Language in the act provides for permanent and voluntary retirement of the five major cattle grazing leases by private buyout on some 106,700 acres in and around the monument. That buyout, which represents 94 percent of grazing in the area, is being paid for by conservation groups.

"The wilderness designation gives a statutory mandate to the BLM that can't be modified in inappropriate ways," Babbitt said. "This sets a model for other special places around the nation."

The new wilderness lies on the south side of the monument in the U.S. Bureau of Land Management's Medford District. The summit of Soda Mountain, which has a fire lookout and a road leading to it, is not part of the wilderness, but the wilderness area includes much of the mountain's south shoulder.

At the heart of the wilderness is 5,720-foot high Boccard Point, where the Great Basin meets three mountain ranges. The Klamath Range, some 180 million years old, comes up from the south while the much younger Siskiyou Range, a mere 40 million years old, extends from the west. Jutting up from the north, the upstart Cascade Range is a geological baby at a mere 10 million years old.

"The great value of this wilderness is that it's unfragmented — the habitats are intact, not fragmented by human activity like roads and resource extraction," observed Pepper Trail, a wildlife biologist and ornithologist from Ashland.

"This area is in a critical position as a crossroads, both geologically and biologically, for North America. Because of where it is, it forms a unique high-elevation land bridge — a natural biological corridor — for diversity."

Trail, who has led scientific field trips from South America to the South Pacific, says the new wilderness offers visitors a biological treasure trove.

"For such a small area to have both biological diversity and topographic contrasts is very unusual," he said. "The densities of communities is very great, much more than most places I've been.

"If you walk the Pacific Crest Trail from Pilot Rock to Soda Mountain, every few hundred yards is a meadow, a conifer glade, a rocky outcropping. Every half-mile has a whole different set of features. That's a very notable aspect of the wilderness."
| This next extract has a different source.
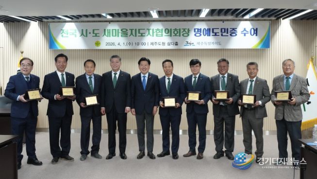 제주도는 1일 오전 도청 삼다홀에서 전국 시도 새마을지도자협의회장 명예도민증 수여식을 열었다. 행사에는 양윤호 새마을지도자중앙협의회장을 비롯해 전국 각 시도를 대표하는 협의회장 등 20명이 참석했다.

Visitors should keep their eyes peeled for a rare bird of prey, such as a peregrine falcon, a black bear, deer, elk, fox and coyotes.

In fact, early in summer 2000, a small, tawny-orange butterfly with light yellow spots on its wings was discovered flitting on Soda Mountain. Known as the mardon skipper, it was the first one ever seen in the Oregon wild by lepidopterists.

The mardon skipper is one of more than 100 species of butterflies found in the area, making it one of the most diverse places for butterfly species in North America, Trail observed.

"In a world of climate change, places like this are becoming even more important," he said. "One of the big questions is how natural communities will adjust. Places like this will be absolutely critical."

Greensprings resident Dave Willis, chairman of the Soda Mountain Wilderness Council and one who long championed the wilderness, hopes to see more areas of public land protected.

"A major milestone like this wonderful wilderness bill is a long-sought step forward," he said. "But it's not the end of the protection trail here."

Noting it has been 25 years since Oregon had a major wilderness expansion, he said he would like to see the wilderness, as well as the monument, expanded.

"If the Soda Mountain area is the genetic loading dock to the Noah's Ark of globally significant Klamath-Siskiyou botanical diversity, isn't it odd that the little Soda Mountain loading dock has received a lot more proportional protection than the larger Klamath-Siskiyou ark itself?" he asked.

Back in Washington, D.C., Babbitt observed that it was a grassroots effort led by Willis and others that created the wilderness.

"Without them, this would have never happened," he said. "All the volunteer work from the local people dedicated to making it happen were the ones that accomplished this. Their citizen effort should be a message to us all.

"This should inspire us to look at the entire Klamath-Siskiyou ecosystem. There is still more to do."

Meanwhile, he plans to hike into the new wilderness surrounding Pilot Rock.

"I'll be back," said the former Arizona governor. "I'm in Washington but my heart is in the West."